Exercise description:
If a line in the entries below includes "design", show that line.

*** Opening Dataset records ***

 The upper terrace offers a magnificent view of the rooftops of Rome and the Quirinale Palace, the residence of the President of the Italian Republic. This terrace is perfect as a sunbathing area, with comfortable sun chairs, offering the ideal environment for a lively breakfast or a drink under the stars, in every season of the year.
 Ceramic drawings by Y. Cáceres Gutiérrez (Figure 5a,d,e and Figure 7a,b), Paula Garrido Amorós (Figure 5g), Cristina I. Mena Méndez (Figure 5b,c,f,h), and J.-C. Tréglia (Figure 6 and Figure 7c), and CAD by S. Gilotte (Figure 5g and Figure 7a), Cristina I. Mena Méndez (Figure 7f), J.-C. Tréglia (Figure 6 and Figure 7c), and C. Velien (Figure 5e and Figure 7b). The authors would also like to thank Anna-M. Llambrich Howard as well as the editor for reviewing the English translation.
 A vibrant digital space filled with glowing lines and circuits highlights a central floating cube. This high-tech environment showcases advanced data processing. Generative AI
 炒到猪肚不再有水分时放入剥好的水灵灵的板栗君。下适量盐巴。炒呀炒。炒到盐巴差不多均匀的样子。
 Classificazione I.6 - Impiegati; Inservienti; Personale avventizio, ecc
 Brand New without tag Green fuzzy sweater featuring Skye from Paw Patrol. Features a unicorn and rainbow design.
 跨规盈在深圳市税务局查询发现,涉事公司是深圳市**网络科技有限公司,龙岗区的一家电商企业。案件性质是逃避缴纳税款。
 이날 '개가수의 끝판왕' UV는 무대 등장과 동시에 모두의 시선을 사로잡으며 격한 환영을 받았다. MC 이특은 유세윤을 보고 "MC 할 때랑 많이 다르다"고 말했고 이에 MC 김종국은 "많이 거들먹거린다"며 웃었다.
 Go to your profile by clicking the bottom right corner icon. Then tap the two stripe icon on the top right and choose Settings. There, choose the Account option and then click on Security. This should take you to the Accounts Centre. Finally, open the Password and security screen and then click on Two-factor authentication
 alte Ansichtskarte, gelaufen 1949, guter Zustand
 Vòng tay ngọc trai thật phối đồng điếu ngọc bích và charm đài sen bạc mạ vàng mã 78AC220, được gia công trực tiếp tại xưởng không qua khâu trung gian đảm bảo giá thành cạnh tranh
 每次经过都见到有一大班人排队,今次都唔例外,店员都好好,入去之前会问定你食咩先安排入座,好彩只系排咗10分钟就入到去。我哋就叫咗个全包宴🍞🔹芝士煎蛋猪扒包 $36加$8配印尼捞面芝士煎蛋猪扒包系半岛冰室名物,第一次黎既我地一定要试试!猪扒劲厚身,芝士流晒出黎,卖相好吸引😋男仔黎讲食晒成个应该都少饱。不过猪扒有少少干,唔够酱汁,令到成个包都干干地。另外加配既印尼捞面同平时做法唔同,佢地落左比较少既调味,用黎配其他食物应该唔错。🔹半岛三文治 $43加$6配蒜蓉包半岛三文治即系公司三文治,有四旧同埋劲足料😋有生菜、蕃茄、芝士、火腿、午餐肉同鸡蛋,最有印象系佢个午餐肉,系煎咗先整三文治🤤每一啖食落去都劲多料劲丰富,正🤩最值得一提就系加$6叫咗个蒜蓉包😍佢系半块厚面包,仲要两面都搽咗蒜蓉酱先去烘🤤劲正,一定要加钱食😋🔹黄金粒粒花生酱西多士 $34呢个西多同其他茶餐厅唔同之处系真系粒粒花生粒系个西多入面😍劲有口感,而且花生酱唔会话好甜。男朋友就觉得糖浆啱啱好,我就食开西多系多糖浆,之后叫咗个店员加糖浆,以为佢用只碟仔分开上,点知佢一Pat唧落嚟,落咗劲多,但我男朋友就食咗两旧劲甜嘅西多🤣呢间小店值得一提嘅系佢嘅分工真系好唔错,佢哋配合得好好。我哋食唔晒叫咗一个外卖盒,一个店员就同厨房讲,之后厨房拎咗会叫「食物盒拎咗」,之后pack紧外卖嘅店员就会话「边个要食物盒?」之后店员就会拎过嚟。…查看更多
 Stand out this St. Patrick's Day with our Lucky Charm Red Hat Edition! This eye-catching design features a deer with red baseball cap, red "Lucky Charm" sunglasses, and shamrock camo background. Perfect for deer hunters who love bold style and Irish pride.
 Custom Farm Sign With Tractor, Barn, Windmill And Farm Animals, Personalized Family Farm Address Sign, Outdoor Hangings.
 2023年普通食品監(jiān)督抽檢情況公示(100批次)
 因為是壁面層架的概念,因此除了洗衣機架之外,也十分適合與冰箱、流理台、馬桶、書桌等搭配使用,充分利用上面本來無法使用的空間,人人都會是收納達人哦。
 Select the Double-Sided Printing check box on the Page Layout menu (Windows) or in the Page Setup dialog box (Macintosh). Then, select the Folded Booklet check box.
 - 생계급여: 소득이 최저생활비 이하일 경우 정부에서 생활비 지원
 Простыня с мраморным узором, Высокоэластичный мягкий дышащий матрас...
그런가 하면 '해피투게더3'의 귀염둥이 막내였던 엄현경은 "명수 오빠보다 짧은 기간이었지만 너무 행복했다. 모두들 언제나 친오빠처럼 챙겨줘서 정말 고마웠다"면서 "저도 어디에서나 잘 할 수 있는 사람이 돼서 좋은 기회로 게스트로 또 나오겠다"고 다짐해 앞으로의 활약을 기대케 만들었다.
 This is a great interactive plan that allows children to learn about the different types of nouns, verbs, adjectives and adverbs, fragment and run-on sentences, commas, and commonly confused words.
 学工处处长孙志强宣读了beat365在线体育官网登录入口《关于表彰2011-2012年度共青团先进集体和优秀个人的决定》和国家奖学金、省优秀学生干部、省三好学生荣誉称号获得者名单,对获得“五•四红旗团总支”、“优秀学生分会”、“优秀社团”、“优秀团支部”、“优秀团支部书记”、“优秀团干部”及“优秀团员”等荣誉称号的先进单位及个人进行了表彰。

*** Closing Dataset records ***

Problem solution:
 Brand New without tag Green fuzzy sweater featuring Skye from Paw Patrol. Features a unicorn and rainbow design.
 Stand out this St. Patrick's Day with our Lucky Charm Red Hat Edition! This eye-catching design features a deer with red baseball cap, red "Lucky Charm" sunglasses, and shamrock camo background. Perfect for deer hunters who love bold style and Irish pride.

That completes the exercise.